[DATASET EXCERPT — start]

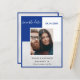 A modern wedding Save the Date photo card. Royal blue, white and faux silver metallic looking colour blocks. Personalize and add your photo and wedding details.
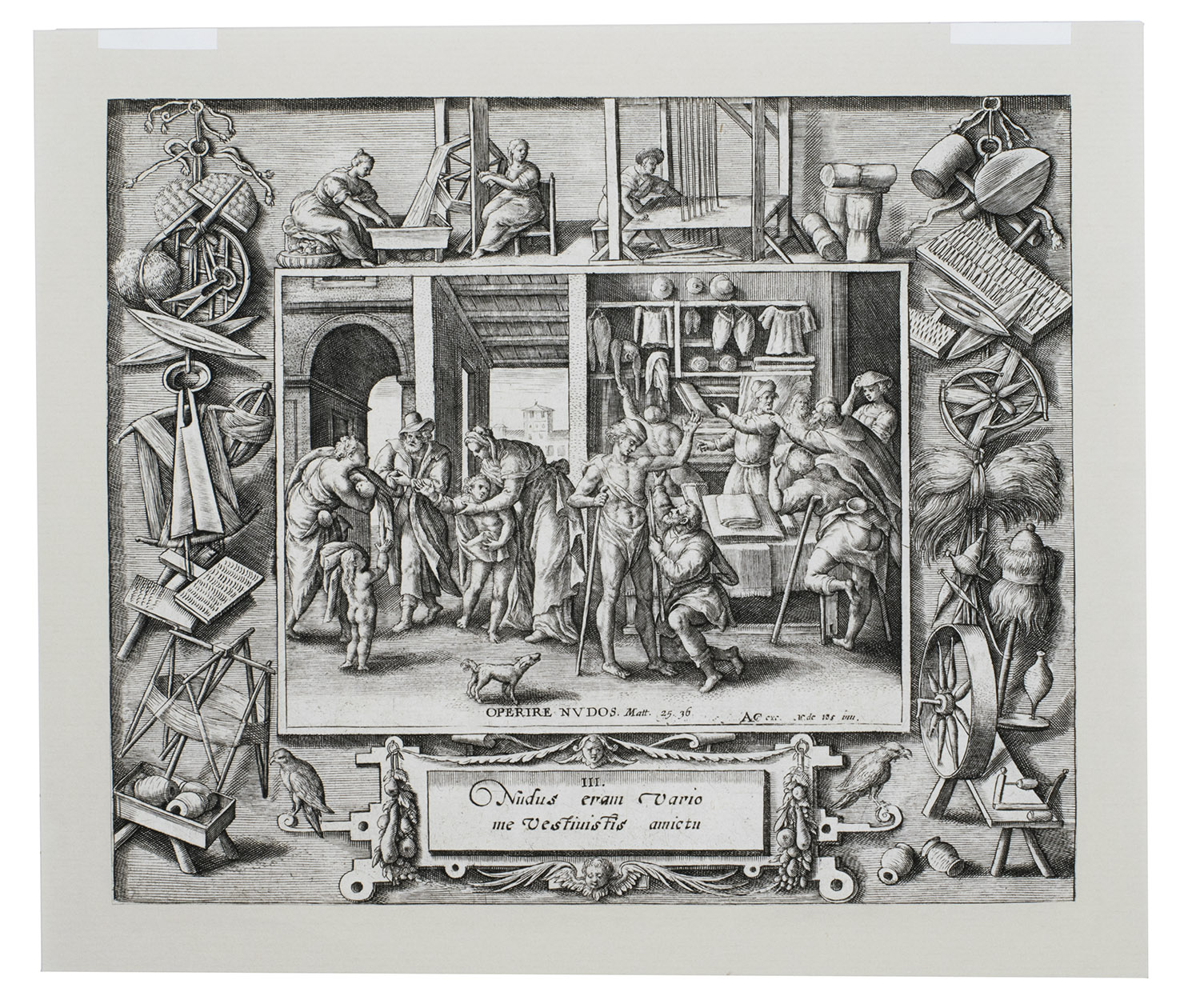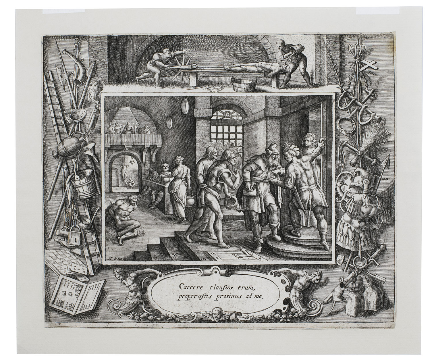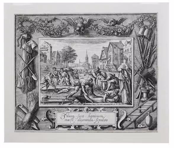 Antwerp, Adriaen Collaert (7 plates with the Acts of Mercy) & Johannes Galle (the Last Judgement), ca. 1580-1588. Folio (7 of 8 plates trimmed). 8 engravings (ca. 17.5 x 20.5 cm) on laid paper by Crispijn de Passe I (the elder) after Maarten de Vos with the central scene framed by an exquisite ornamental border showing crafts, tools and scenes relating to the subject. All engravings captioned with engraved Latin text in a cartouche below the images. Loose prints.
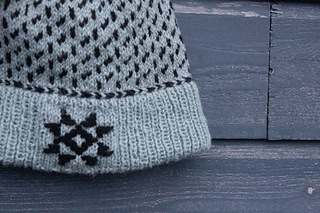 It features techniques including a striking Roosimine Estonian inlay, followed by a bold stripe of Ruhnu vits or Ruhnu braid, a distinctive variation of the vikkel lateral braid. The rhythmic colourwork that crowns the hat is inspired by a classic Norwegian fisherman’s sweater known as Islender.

[DATASET EXCERPT — finish]

■ WORK ORDER
With every picture left out, print exactly the lines from the one containing "Antwerp, Adriaen Collaert" through the final line of the material above.

■ RESPONSE BOX
 Antwerp, Adriaen Collaert (7 plates with the Acts of Mercy) & Johannes Galle (the Last Judgement), ca. 1580-1588. Folio (7 of 8 plates trimmed). 8 engravings (ca. 17.5 x 20.5 cm) on laid paper by Crispijn de Passe I (the elder) after Maarten de Vos with the central scene framed by an exquisite ornamental border showing crafts, tools and scenes relating to the subject. All engravings captioned with engraved Latin text in a cartouche below the images. Loose prints.
 It features techniques including a striking Roosimine Estonian inlay, followed by a bold stripe of Ruhnu vits or Ruhnu braid, a distinctive variation of the vikkel lateral braid. The rhythmic colourwork that crowns the hat is inspired by a classic Norwegian fisherman’s sweater known as Islender.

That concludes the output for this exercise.